In Louisiana, the name of an LLC must contain the words “limited liability company,” or the abbreviations “LLC” or “L.C.” The name should be distinguishable from that of any other LLC registered in Louisiana. It is possible to reserve a name for a period of 60 days by filing an application with the Secretary of State and paying a fee of $25. If good cause is shown, two further 30 day extensions may be granted at no extra charge.
Articles of Organization
In order to form an LLC, Articles of Organization must be filed with the Commercial Division of the Secretary of State. The articles must state the purpose of the LLC, although it is permissible to use the phrase, “any or all lawful conduct for which a limited liability company may be organized.”

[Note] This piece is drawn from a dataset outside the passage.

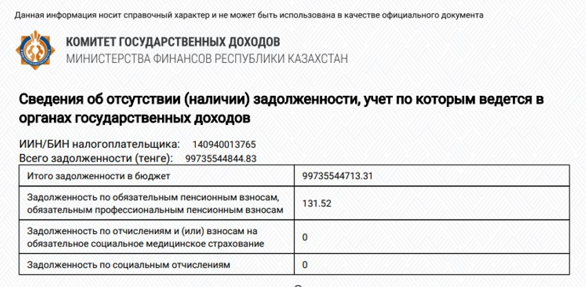 Сурет: Мемлекеттік кірістер комитетінің ресми веб-порталынан алынған салық қарызы туралы ақпарат

An LLC may be formed with one or more members; each member can be either a natural person or a business entity. Depending on its size and complexity, the company may be managed by either the members or persons appointed as managers. Both members and managers are deemed to stand in a fiduciary relationship to the LLC and must act in good faith and with the diligence, care, judgment and skill of an ordinary prudent person in similar circumstances.

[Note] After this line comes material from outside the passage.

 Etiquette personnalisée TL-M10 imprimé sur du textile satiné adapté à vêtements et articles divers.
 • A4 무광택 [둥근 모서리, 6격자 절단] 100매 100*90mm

Each LLC incorporated in Louisiana must have a registered agent with an address in the state. The registered agent is the person or entity upon whom official state correspondence is to be served. The registered agent can be an individual or a business entity. Each LLC must also have a registered office in Louisiana.
Every LLC must file an annual report with the Secretary of State, detailing the registered office, the registered agent, the managers and the members. Records of the full names and addresses of members and managers must also be kept at the registered office for inspection, together with income tax returns and reports, as well as any other financial statements.